IDataAdviseHolder Helps implementers of IDataObject to manage multiple IAdviseSink connections.
IAdviseSink[2] Receives asynchronous data change and other notifications (such as view and document changes. IAdviseSink2 is the same with one added method for compound document linking.
IViewObject[2] Implemented by an object to support direct renderings to device contexts, such as the screen or printer, as well as supporting a notification connection for view changes through IAdviseSink. IViewObject2 is an extension to IViewObject that includes an additional member for obtaining object extents.
IEnumFORMATETC Provided through IDataObject implementations to enumerate arrays of FORMATETC data structures, describing the data formats available from the object.
IEnumSTATDATA Enumerates a set of notification connections to an IDataObject implementer.
Drag and Drop Interfaces
IDropSource Implemented by the source of a drag-and-drop operation to control the duration of the operation and the mouse cursor.
IDropTarget Implemented by registered targets for drag-and-drop operations to know when the mouse enters or leaves a window, moves in a window, or when a drop happens.
OLE Document Interfaces
Embedding and Caching Interfaces
IOleObject Primary interface through which compound document objects provide services to containers, such as execution of verbs (action).
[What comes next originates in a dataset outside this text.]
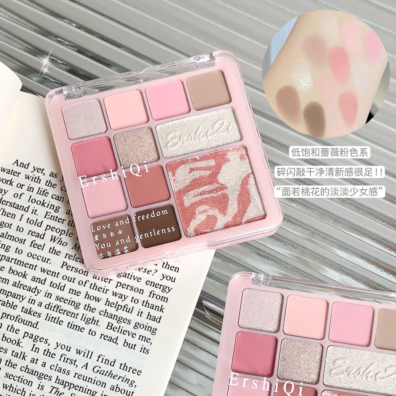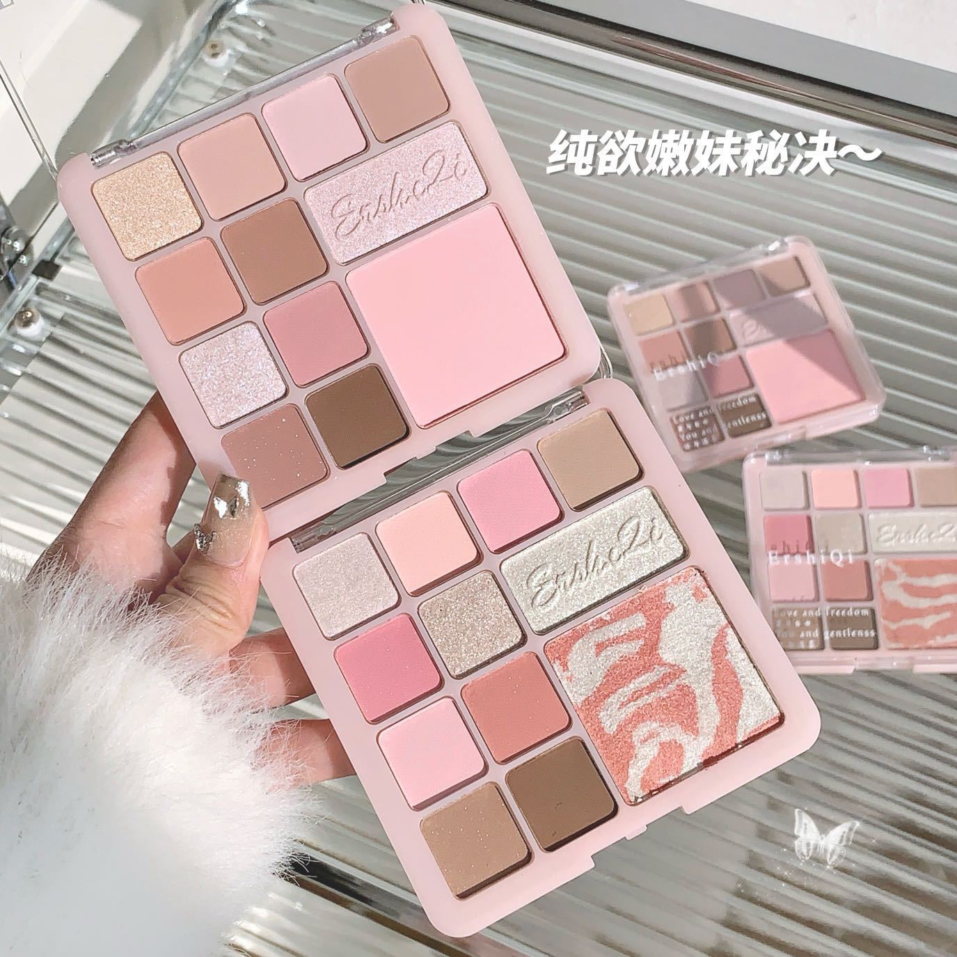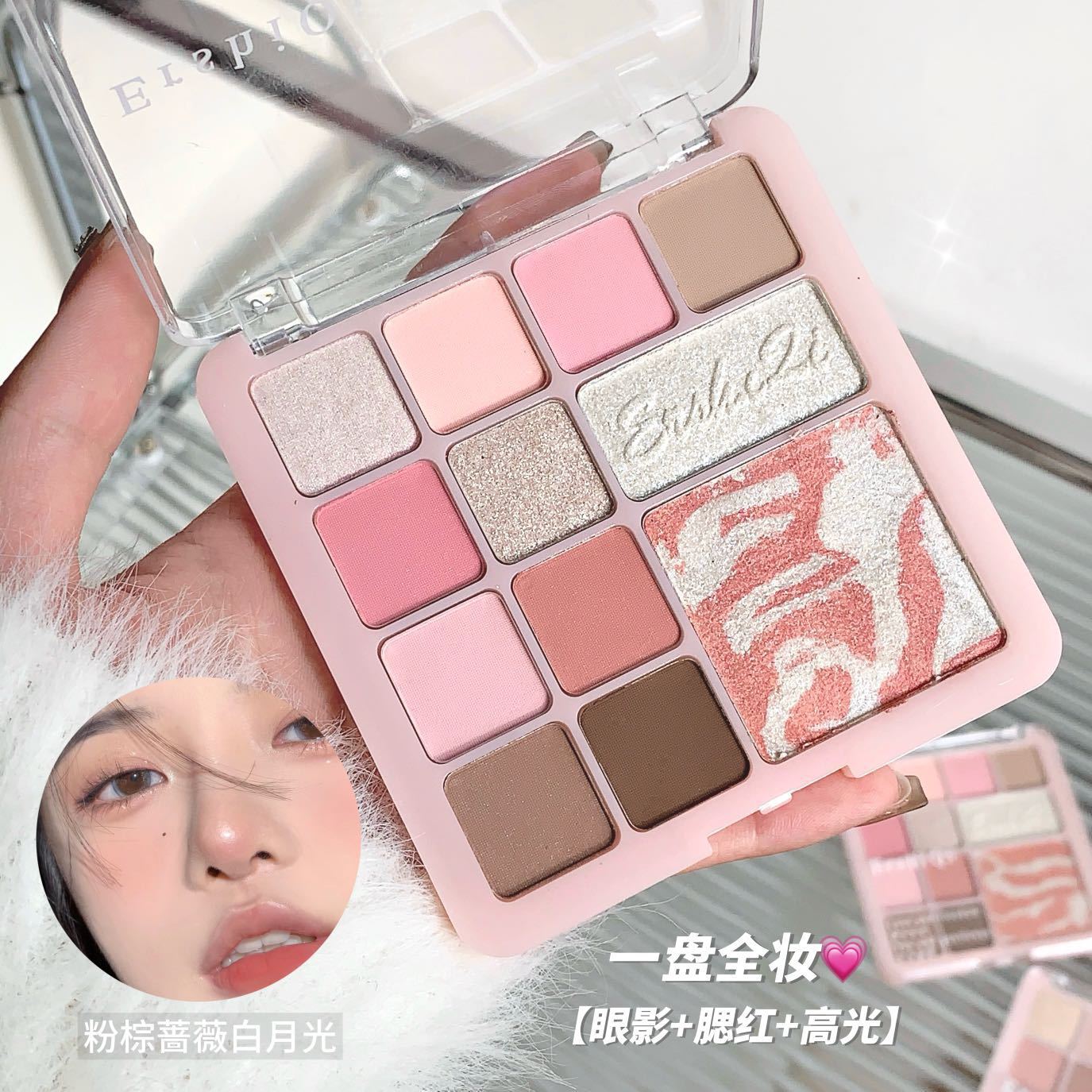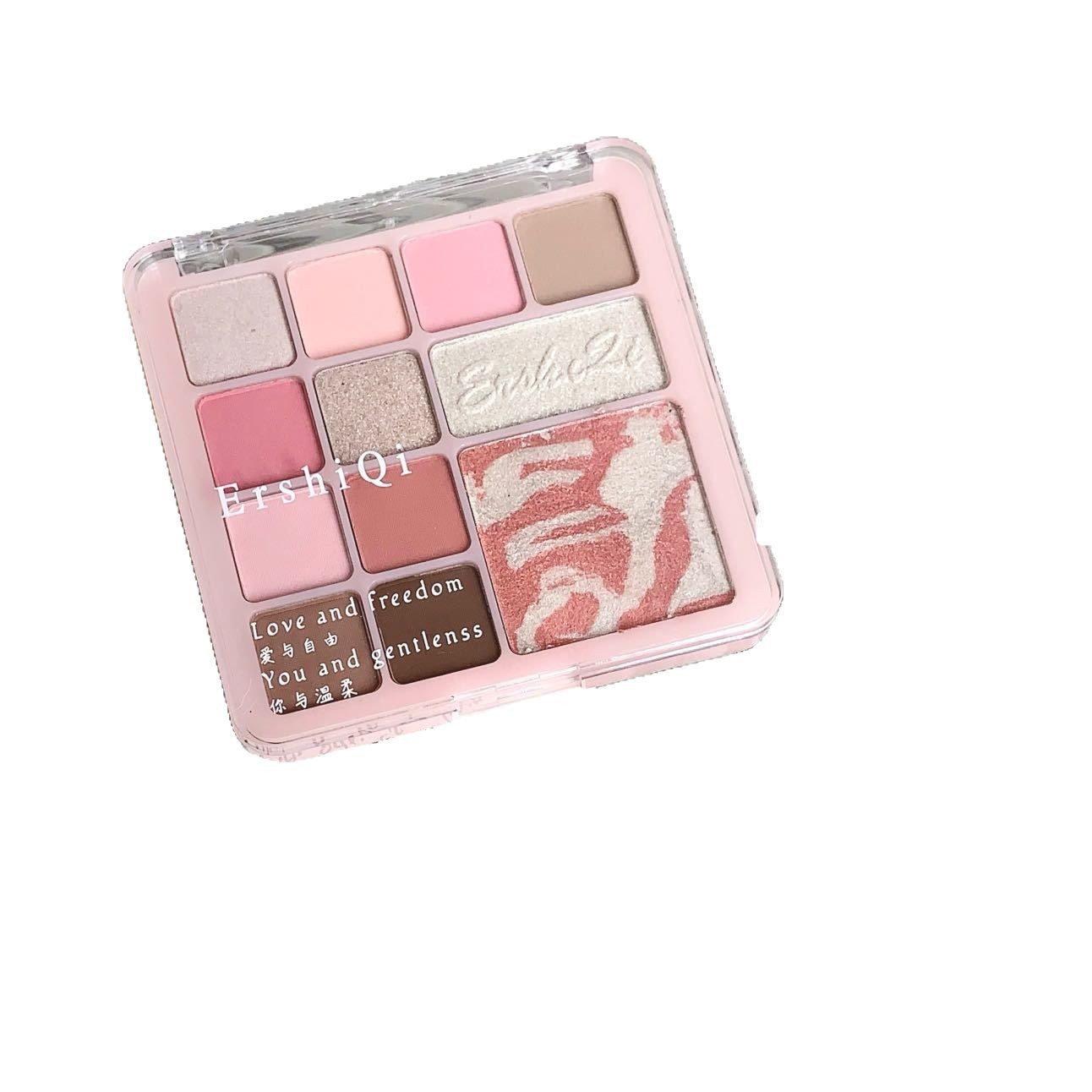 粉雾综合盘玫瑰奶茶珠光哑光大地色眼影高光腮红一体

IEnumOLEVERB Provided through IOleObject to enumerate supported verbs of an object.
IOleAdviseHolder Manages IAdviseSink interfaces given to compound document objects for notification.
IOleClientSite Implemented by container applications to provide container context information to compound document objects.
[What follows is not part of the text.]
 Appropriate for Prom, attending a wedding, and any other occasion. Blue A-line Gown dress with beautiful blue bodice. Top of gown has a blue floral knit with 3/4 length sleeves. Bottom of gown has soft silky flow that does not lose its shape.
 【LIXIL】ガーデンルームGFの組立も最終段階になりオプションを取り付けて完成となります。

IOleCache[2] Implemented in object handlers (such as OLE's default handler) to allow containers to manage cached presentations of a compound document object. IOleCache2 provides containers a way to force an update of the cached presentations.
IOleCacheControl Implemented in object handlers to support the connection of the cache to another object's IDataObject implementation.
Linking Interfaces
IOleLink Provides functions for manipulating a linked object, supported alongside IOleObject. This interface is always implemented in OLE's default handler for any object.
IOleContainer Implemented by container applications to allow enumeration of the object in the container.
IOleItemContainer Implemented by applications that support complex linking to portions of documents or to embedded objects within a document. Specifically used by the binding process of items monikers..
In-Place Activation Interfaces (Visual Editing)
IOleWindow The base interface for other in-place activation interfaces; it contains a function to retrieve the window associated with the interface and for entering or exiting context-sensitive help mode.
IOleInPlaceObject Implemented on compound document objects to indicate in-place activation support; it supplies activation functions to containers..
IOleInPlaceActivateObject Supports communication between an in-place object and the container's frame and document windows.
IOleInPlaceSite Implemented next to IOleClientSite in a container to indicate in-place activation support and to provide objects a way to notify the container when in-place state changes occur.
IOleInPlaceUIWindow Implemented on container document and frame related objects to support border space negotiation for in-place objects.
IOleInPlaceFrame Derived from IOleInPlaceUIWindow, this interface is implemented on a container's frame object to support not only border space negotiation but also menu merging and keyboard accelerator translation.
OLE Controls Interfaces
IOleControl Implemented by an OLE Control to provide for keyboard mnemonic translation and notification of changes in a container's ambient properties.
IOleControlSite Implemented by an OLE Control container to supply container operations to OLE Controls, such as transformation of coordinates and accelerator translation.